(Data records)

=======

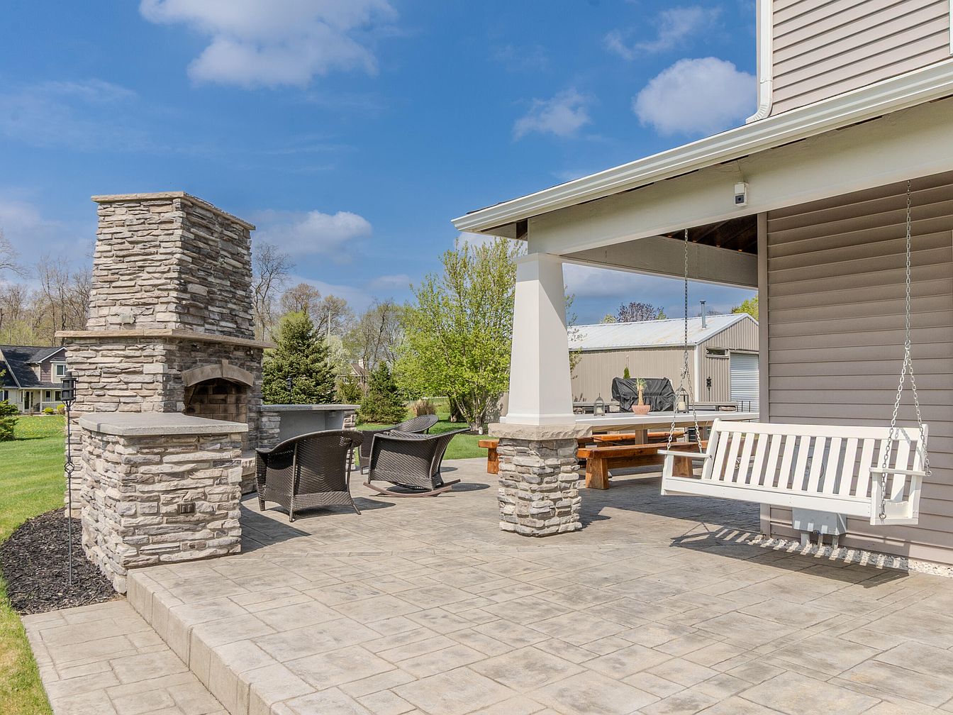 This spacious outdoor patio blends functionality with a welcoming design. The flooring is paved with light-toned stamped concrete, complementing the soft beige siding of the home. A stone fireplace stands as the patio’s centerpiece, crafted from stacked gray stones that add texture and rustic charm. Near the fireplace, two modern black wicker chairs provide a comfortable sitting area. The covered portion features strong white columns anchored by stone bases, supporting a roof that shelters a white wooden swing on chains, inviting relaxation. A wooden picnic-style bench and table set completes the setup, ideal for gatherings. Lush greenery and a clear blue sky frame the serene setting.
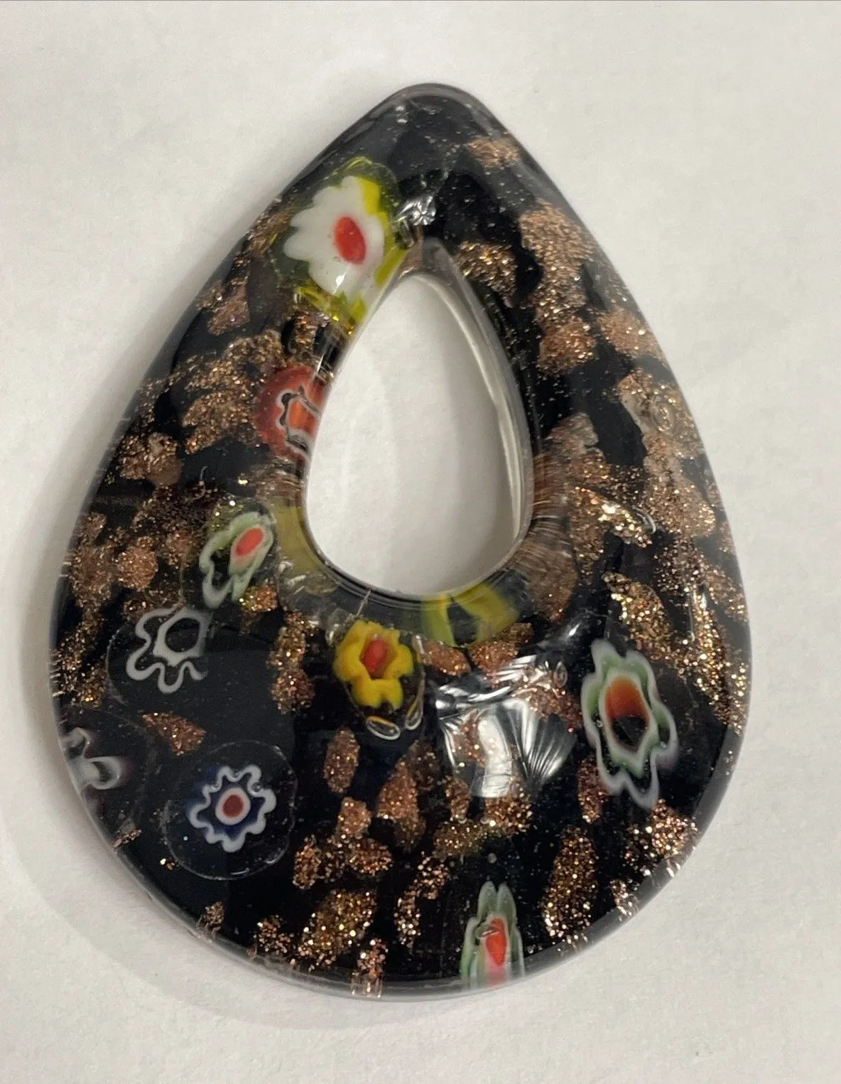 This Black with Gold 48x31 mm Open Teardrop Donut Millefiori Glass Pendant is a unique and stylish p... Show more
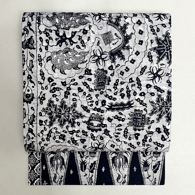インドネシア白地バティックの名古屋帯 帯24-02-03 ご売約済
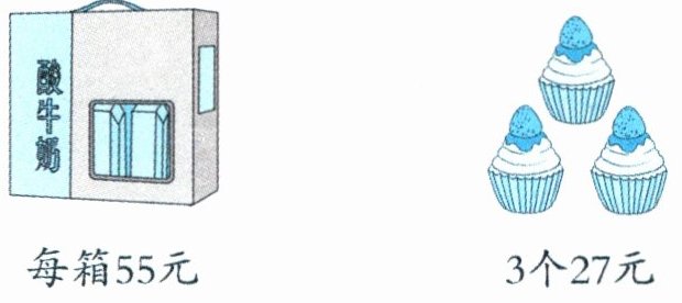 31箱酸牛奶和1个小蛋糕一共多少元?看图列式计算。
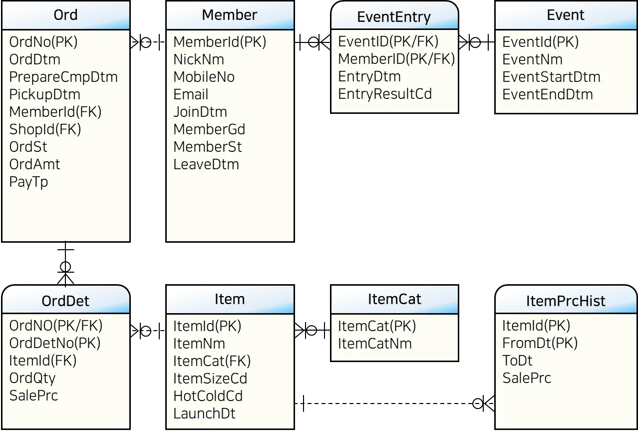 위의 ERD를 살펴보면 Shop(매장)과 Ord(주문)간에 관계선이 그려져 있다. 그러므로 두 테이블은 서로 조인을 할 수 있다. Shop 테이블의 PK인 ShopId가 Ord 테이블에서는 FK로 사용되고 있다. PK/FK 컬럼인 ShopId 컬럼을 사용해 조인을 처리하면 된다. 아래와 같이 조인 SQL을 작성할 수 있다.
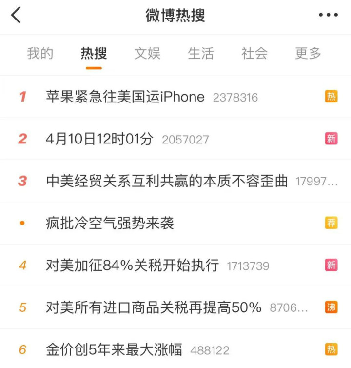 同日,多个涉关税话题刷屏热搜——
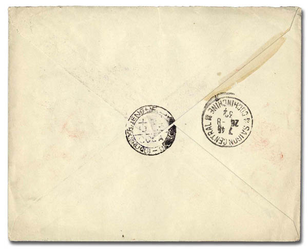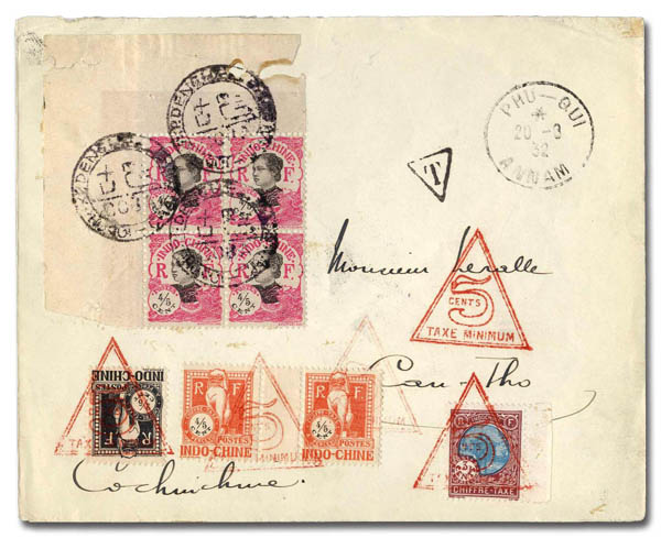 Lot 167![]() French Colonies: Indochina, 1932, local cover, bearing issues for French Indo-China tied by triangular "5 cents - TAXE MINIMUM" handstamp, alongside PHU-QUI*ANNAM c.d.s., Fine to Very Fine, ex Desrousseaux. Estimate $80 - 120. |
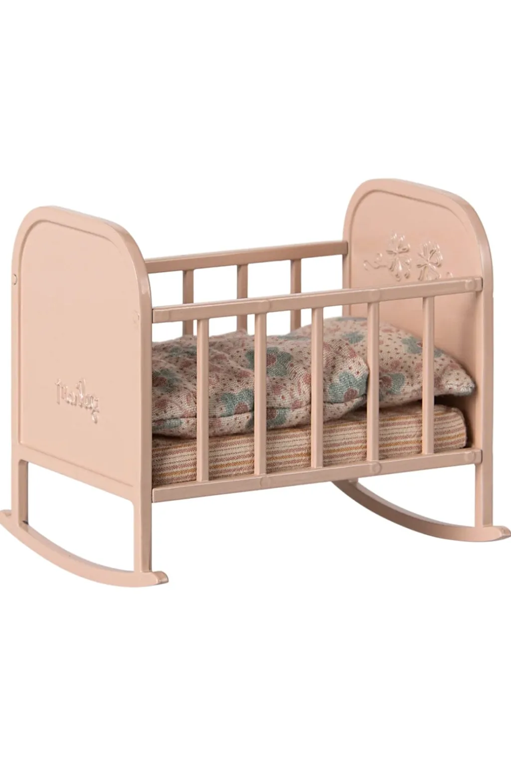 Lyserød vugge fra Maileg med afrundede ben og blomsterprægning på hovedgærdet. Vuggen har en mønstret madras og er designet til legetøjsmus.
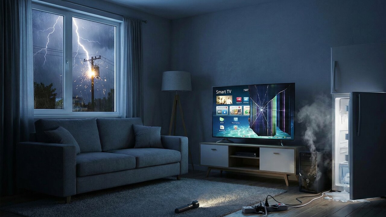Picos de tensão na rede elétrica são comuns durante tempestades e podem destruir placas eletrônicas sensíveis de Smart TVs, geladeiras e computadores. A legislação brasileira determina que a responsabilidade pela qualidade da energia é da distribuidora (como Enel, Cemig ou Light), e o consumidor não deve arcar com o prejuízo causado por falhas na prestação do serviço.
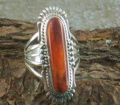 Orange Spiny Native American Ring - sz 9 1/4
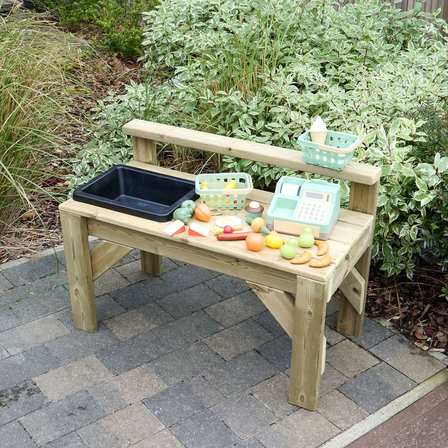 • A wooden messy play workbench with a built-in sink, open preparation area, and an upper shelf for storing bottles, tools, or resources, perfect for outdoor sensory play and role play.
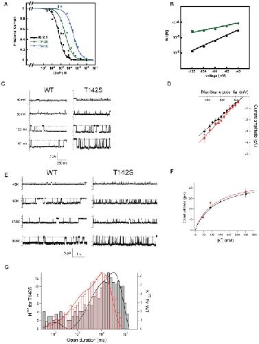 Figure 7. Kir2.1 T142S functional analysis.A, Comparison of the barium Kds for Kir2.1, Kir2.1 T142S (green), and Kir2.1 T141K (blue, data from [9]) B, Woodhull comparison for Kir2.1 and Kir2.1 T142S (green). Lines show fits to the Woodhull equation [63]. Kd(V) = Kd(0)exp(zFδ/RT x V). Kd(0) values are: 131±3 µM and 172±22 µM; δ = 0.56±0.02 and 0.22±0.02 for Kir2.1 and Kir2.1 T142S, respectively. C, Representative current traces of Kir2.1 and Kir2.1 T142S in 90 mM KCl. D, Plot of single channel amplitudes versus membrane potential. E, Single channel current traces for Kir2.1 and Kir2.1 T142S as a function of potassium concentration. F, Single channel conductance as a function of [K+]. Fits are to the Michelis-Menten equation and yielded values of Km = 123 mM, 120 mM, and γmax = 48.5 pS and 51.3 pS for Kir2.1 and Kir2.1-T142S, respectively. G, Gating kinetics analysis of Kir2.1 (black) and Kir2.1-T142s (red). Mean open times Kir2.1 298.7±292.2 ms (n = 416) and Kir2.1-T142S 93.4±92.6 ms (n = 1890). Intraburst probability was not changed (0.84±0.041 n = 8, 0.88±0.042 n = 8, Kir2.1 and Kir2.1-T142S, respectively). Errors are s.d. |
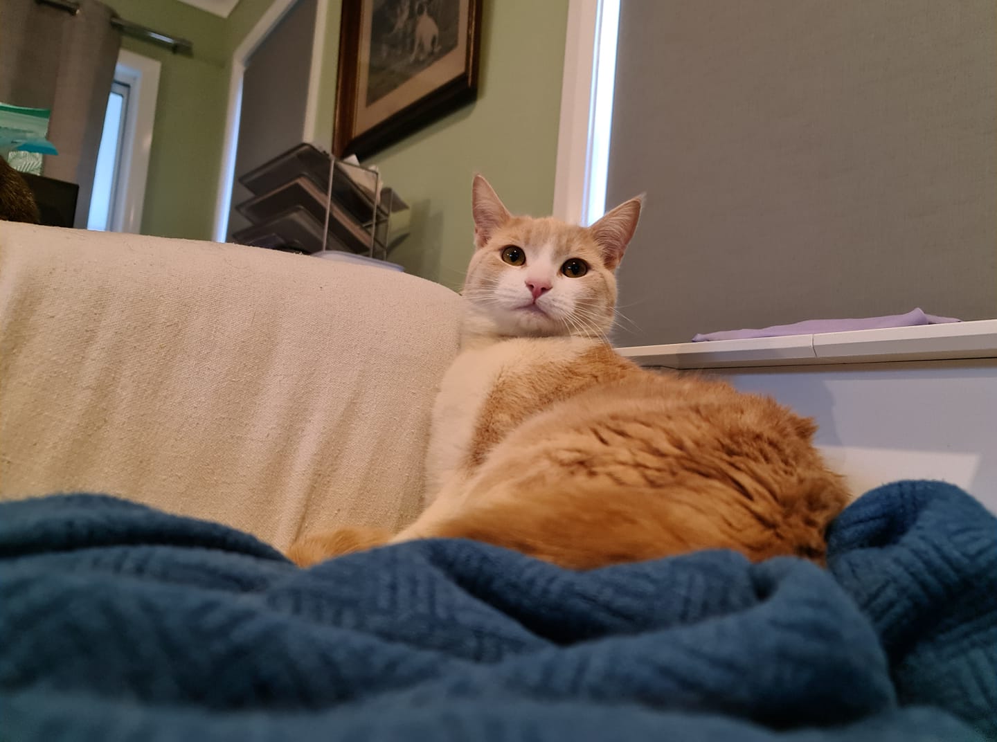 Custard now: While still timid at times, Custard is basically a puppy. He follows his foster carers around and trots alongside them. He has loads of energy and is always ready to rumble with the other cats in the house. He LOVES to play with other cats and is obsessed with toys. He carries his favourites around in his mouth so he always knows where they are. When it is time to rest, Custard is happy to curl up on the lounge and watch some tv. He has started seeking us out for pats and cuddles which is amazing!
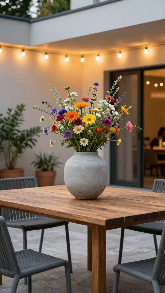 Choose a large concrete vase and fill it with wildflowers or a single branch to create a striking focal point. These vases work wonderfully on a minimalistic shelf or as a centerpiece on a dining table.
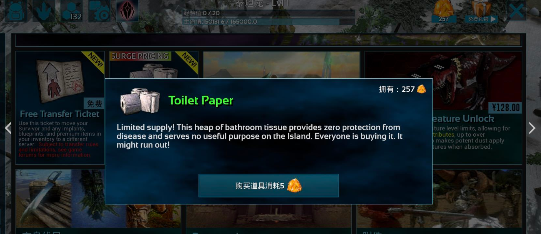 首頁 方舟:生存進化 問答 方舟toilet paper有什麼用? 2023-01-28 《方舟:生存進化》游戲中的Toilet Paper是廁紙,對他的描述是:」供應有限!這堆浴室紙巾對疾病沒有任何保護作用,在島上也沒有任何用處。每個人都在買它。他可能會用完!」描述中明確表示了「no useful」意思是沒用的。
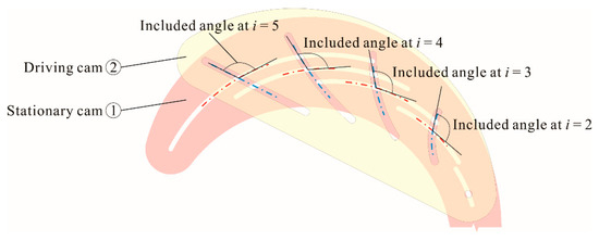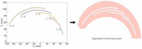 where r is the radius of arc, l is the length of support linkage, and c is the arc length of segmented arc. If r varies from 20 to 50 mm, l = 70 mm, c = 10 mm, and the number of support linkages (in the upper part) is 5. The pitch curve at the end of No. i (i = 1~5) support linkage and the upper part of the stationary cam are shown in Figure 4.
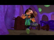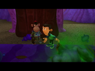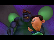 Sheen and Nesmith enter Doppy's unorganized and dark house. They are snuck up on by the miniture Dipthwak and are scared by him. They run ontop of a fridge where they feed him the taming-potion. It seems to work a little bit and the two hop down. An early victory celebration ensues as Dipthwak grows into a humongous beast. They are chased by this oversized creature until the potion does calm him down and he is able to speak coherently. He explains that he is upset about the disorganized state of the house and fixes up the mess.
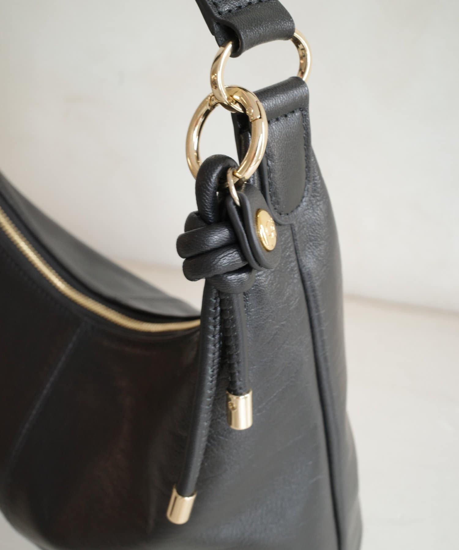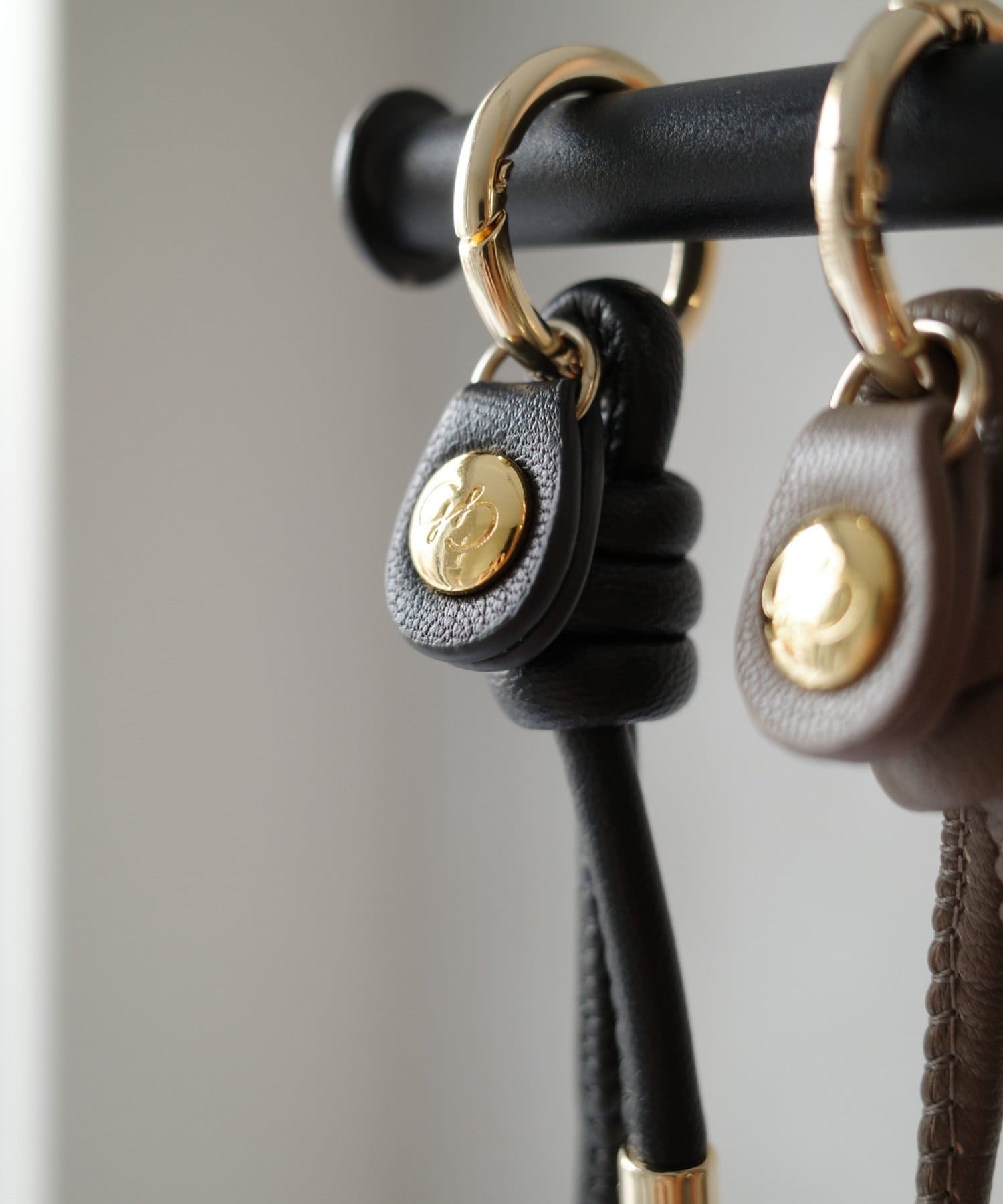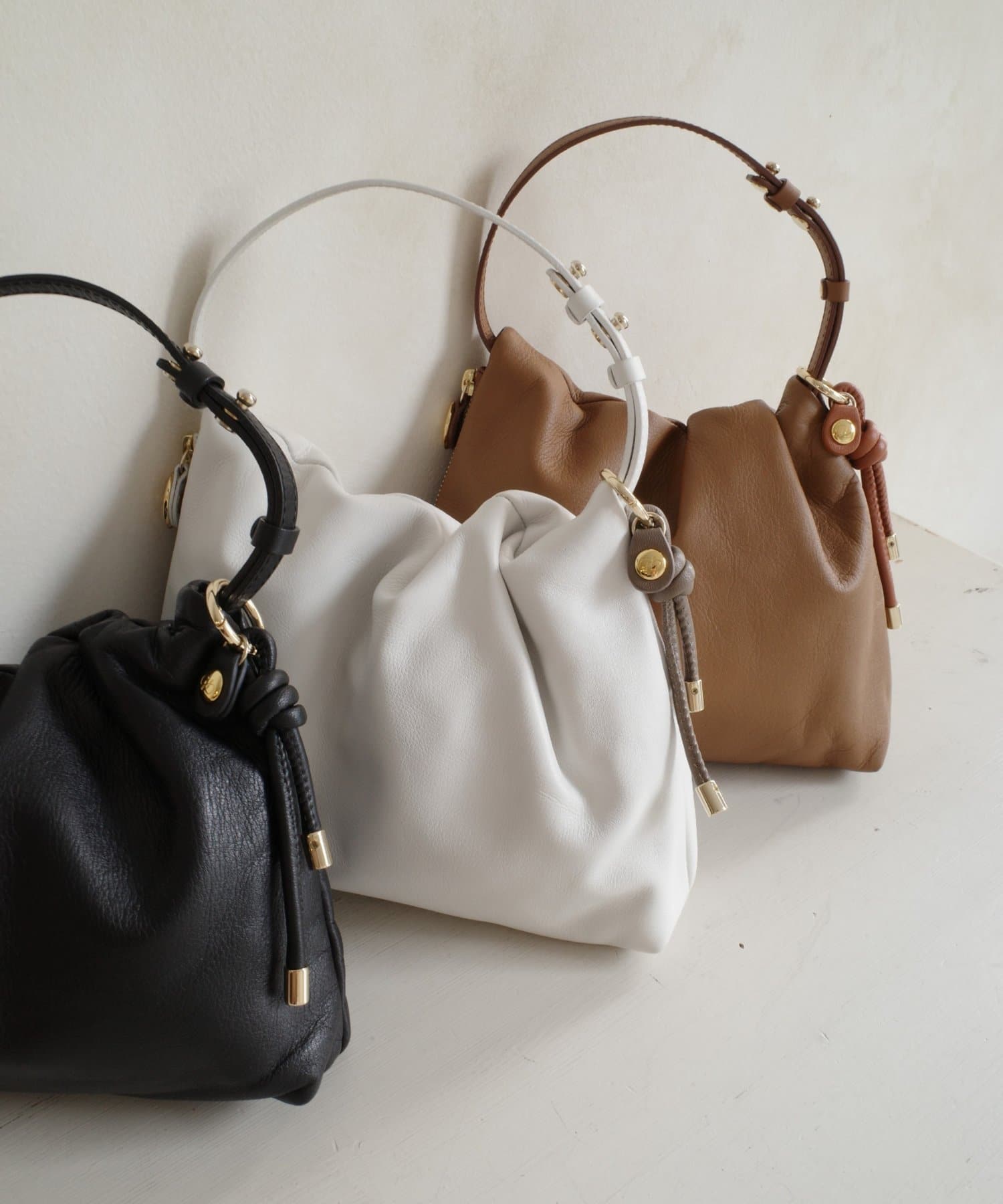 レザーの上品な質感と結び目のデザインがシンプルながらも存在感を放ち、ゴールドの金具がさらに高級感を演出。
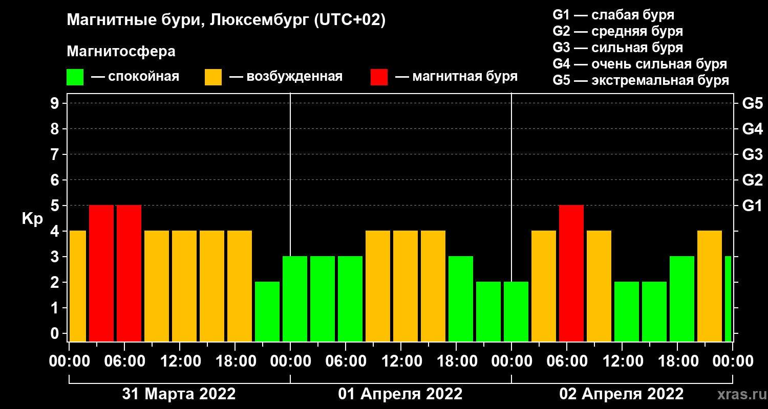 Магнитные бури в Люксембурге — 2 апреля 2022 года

=======

Work task =>
Beginning with the line where "レザーの上品な質感と結び目の" appears, transcribe the records above word for word through their last line, and include no pictures.

Exercise solution =>
 レザーの上品な質感と結び目のデザインがシンプルながらも存在感を放ち、ゴールドの金具がさらに高級感を演出。
 Магнитные бури в Люксембурге — 2 апреля 2022 года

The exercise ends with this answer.